» **Data records**:
· · · ·
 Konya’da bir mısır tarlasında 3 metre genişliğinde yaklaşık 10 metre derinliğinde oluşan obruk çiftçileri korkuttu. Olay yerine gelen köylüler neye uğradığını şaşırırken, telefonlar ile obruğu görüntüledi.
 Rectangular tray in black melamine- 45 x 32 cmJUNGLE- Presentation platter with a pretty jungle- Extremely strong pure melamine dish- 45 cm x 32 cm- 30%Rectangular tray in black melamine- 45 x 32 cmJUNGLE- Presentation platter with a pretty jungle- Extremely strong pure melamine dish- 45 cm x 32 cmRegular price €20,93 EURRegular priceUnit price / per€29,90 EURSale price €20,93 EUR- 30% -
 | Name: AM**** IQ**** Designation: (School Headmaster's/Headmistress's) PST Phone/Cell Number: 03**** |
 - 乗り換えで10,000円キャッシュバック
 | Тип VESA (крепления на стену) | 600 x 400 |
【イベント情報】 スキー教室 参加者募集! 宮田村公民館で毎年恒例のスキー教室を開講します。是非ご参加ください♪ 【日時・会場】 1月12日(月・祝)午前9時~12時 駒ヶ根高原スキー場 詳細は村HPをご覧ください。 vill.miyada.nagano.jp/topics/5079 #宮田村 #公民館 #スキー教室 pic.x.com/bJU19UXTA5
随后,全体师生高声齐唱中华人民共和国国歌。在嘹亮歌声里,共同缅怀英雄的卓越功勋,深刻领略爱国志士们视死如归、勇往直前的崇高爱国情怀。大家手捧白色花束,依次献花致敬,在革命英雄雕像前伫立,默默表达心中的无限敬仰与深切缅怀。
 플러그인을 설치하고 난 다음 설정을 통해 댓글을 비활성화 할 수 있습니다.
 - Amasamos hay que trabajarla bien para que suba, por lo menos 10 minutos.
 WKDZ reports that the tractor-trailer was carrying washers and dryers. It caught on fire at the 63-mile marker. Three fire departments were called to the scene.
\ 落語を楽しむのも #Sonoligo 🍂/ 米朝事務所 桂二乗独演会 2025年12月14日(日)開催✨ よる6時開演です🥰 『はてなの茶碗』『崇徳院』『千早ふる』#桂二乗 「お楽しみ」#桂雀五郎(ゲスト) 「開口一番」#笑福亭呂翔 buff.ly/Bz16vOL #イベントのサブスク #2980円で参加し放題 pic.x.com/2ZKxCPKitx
· · · ·
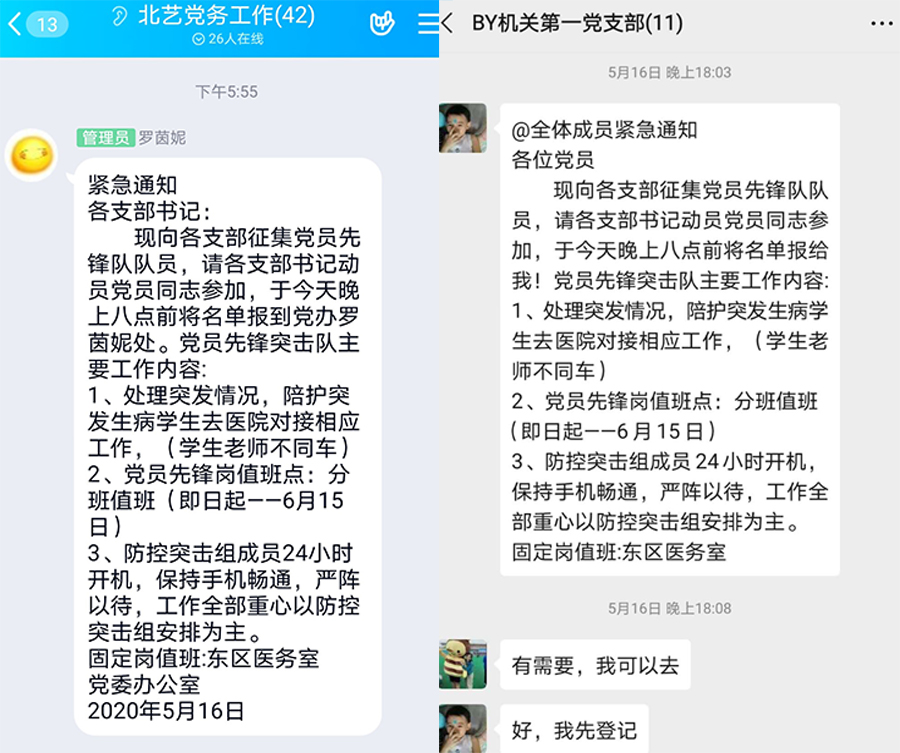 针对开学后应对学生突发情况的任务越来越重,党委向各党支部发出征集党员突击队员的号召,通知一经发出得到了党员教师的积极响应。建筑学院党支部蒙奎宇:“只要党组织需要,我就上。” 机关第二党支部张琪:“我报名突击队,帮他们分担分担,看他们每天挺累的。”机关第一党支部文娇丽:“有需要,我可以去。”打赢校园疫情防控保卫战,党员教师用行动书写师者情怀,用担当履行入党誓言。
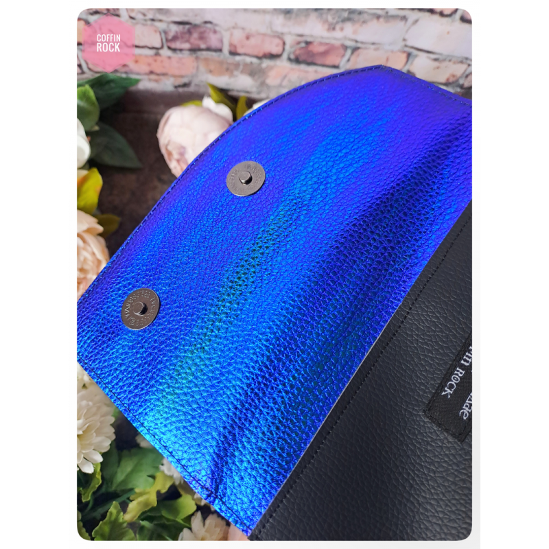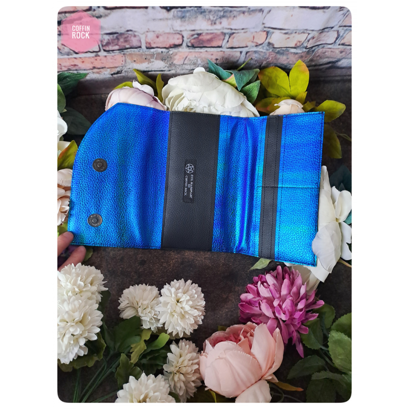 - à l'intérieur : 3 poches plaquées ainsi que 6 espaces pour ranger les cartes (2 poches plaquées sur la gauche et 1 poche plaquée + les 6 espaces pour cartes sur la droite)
· · · ·
» **Task description**: Repeat exactly the lines of the listing above, from the one with "- Amasamos hay" down to the one with "#イベントのサブスク #2980円で参加し放題 pic.x.com/2ZKxCPKitx"; both of those lines belong in the range.

» **Output of the exercise**:
 - Amasamos hay que trabajarla bien para que suba, por lo menos 10 minutos.
 WKDZ reports that the tractor-trailer was carrying washers and dryers. It caught on fire at the 63-mile marker. Three fire departments were called to the scene.
\ 落語を楽しむのも #Sonoligo 🍂/ 米朝事務所 桂二乗独演会 2025年12月14日(日)開催✨ よる6時開演です🥰 『はてなの茶碗』『崇徳院』『千早ふる』#桂二乗 「お楽しみ」#桂雀五郎(ゲスト) 「開口一番」#笑福亭呂翔 buff.ly/Bz16vOL #イベントのサブスク #2980円で参加し放題 pic.x.com/2ZKxCPKitx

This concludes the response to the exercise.